Build a Telegram bot with Phi-3 and Qdrant and chat with your PDFs!

Question

Build a Telegram bot with Phi-3 and Qdrant and chat with your PDFs!

Astra Bertelli posted May 9, 2024 10 min read

1. Introduction

In my previous articles, we saw how to create a simple Telegram bot and how to build a responsive assistant: in both of these cases, we built something that relied on pre-defined responses, no matter how natural language-like they might have seemed.
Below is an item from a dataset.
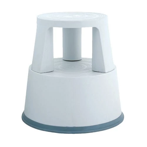 Három kis keréken guruló fellépőzsámoly, amely a fellépő személy súlyától lesüllyed és fixen áll a talajon. Terheletlen állapotban gurítható. Alsó gumiszegély a bútorok védelmében. Magasság: terhelés nélkül: 43 cm. Terhelve: 41,5 cm. Felső átmérő: 29,5 cm. Alsó átmérő: 44,5 cm. Súly: 2,9 kg. Maximum 150 kg-ig terhelhető.

In this tutorial we will build an AI-powered and context-aware Telegram bot that reads information from PDF files and responds in multiple languages. Before we start, nevertheless, we need to define some important terms that we will be using in this tutorial, and that are not-so-common in everyday programming.

2. Definitions

2a. LLM

A Large Language Model (LLM) is an Artificial Intelligence-based model able to understand, process and produce natural language, performing also complex tasks. For this tutorial, we will be using Phi-3-128K instruct, which is one of the most recent and powerful models, released by Microsoft.
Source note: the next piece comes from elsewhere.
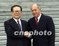 江泽民说,打击恐怖主义是一项长期艰巨任务 2001年10月23日 21:04 ![]() 国家主席江泽民二十三日在北京欢迎来访的智利总统拉戈斯。中新社记者 满会乔 摄

I wrote about LLMs architecture in a post on my personal blog

2b. Vector Databases

A vector database is a non-traditional data storage facility and can be used to represent complex data (with lots of features) based on a set of multi-dimensional numerical objects (vectors). For this example, we will be using Qdrant as vector database provider.
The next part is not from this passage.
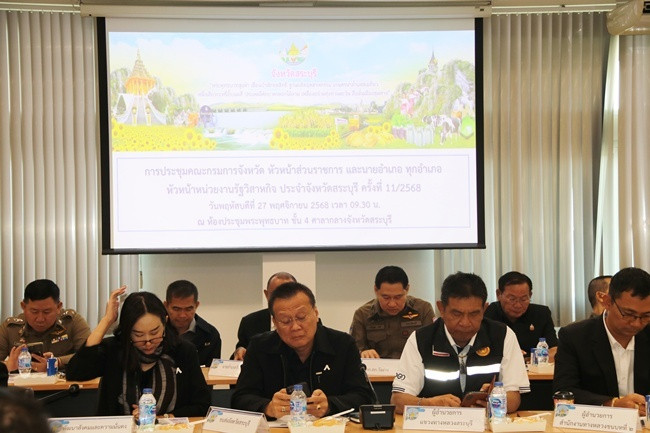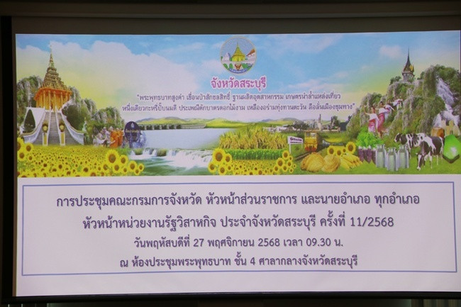 วันที่ 27 พฤศจิกายน 2568 เวลา 09.30 น. นางสาวนิชาภา เนื้อเย็น นักวิชาการสหกรณ์ชำนาญการพิเศษ รักษาราชการแทนสหกรณ์จังหวัดสระบุรี ร่วมประชุมคณะกรมการจังหวัด หัวหน้าส่วนราชการ และหัวหน้าหน่วยงานรัฐวิสาหกิจ ประจำจังหวัดสระบุรี ครั้งที่ 11/2568 เพื่อรับทราบข่าวเด่นของจังหวัดสระบุรี ผลการดำเนินงานของส่วนราชการในจังหวัดสระบุรีในรอบเดือนที่ผ่านมา รวมทั้งพิจารณาข้อสั่งการของผู้บริหารจังหวัดสระบุรี โดยมี นายบัญชา เชาวรินทร์ ผู้ว่าราชการจังหวัดสระบุรี เป็นประธานการประชุม ณ ห้องประชุมพระพุทธบาท ชั้น 4 ศาลากลางจังหวัดสระบุรี ตำบลตะกุด อำเภอเมือง จังหวัดสระบุรี

I wrote an educational article on vector databases on my personal blog

2c. Docker

You have to imagine Docker as a big registry where lots of applications (images) are stored: you can download (pull) them and make them run in a virtual environment (the container). A Docker application contains everything that is needed for it to run in the container. A Docker container may also come with some data storage space (a volume), which should be mounted on your local file system.

3. Setup

3a. Folder Structure

As usual, we start by setting up our local folder for the tutorial: you can refer to the structure found on my GitHub repo, which is here represented:

.
|___ bot.py
|___ qdrant_storage
|___ requirements.txt
|___ utils.py

Let's break down the files:

bot.py will be our main script, containing the Telegram bot
requirements.txt will be the file where we write all the needed dependencies, in order to install them
utils.py will be the script where we define useful functions and classes for our bot
qdrant_storage/ will be the local folder where the databases will be stored.

3b. Install Dependencies

Open requirements.txt and paste the following text:

gradio_client == 0.15.0
pypdf == 3.17.4
sentence_transformers == 2.2.2
transformers == 4.39.3
langdetect == 1.0.9
deep-translator == 1.11.4
qdrant_client == 1.9.0
langchain-community == 0.0.13
langchain == 0.1.1

These are all the python packages that we need to build the bot and its back-end architecture:

gradio_client allows to interact with Gradio API
pypdf manages PDF files
sentence_transformers helps with transforming data into vectors
transformers is an HuggingFace library commonly used for LLMs
langdetect and deep-translator are two packages that manage language detection and translation, to add multilingual support to our bot
qdrant_client allows to interact with Qdrant running in the background
langchain and langchain-community are useful to preprocess PDFs and turn them into plain-text data.

Now we save requirements.txt, head over to our terminal and run:

python3 -m pip install -r requirements.txt

3c. Install and Run Qdrant with Docker

We will need Qdrant running in a Docker container on our machine in order to build the vector database.
To do so, first of all we need to download it from Docker Hub:

docker pull qdrant/qdrant

And then we can make it run, mounting as a volume (-v option) our local qdrant_storage folder:

 docker run -p 6333:6333 -v $(pwd)/qdrant_storage:/qdrant_storage:z qdrant/qdrant

Now, if you want to see Qdrant WebUI, just type localhost:6333 on your browser and press enter.

4. Define Useful Functions and Classes

In this section, we will be editing utils.py

4a. Import Necessary Dependencies

To make our script work, we need to import all the following packages, classes and/or functions:

from langdetect import detect
from deep_translator import GoogleTranslator
from pypdf import PdfMerger
from qdrant_client import models
from langchain.text_splitter import CharacterTextSplitter
from langchain_community.document_loaders import PyPDFLoader
import os

4b. Handle PDFs

We first define a function to merge multiple PDFs (the Telegram bot does not take multiple documents as input, but this can be always useful):

def merge_pdfs(pdfs: list):
    merger = PdfMerger()
    for pdf in pdfs:
        merger.append(pdf)
    merger.write(f"{pdfs[-1].split('.')[0]}_results.pdf")
    merger.close()
    return f"{pdfs[-1].split('.')[0]}_results.pdf"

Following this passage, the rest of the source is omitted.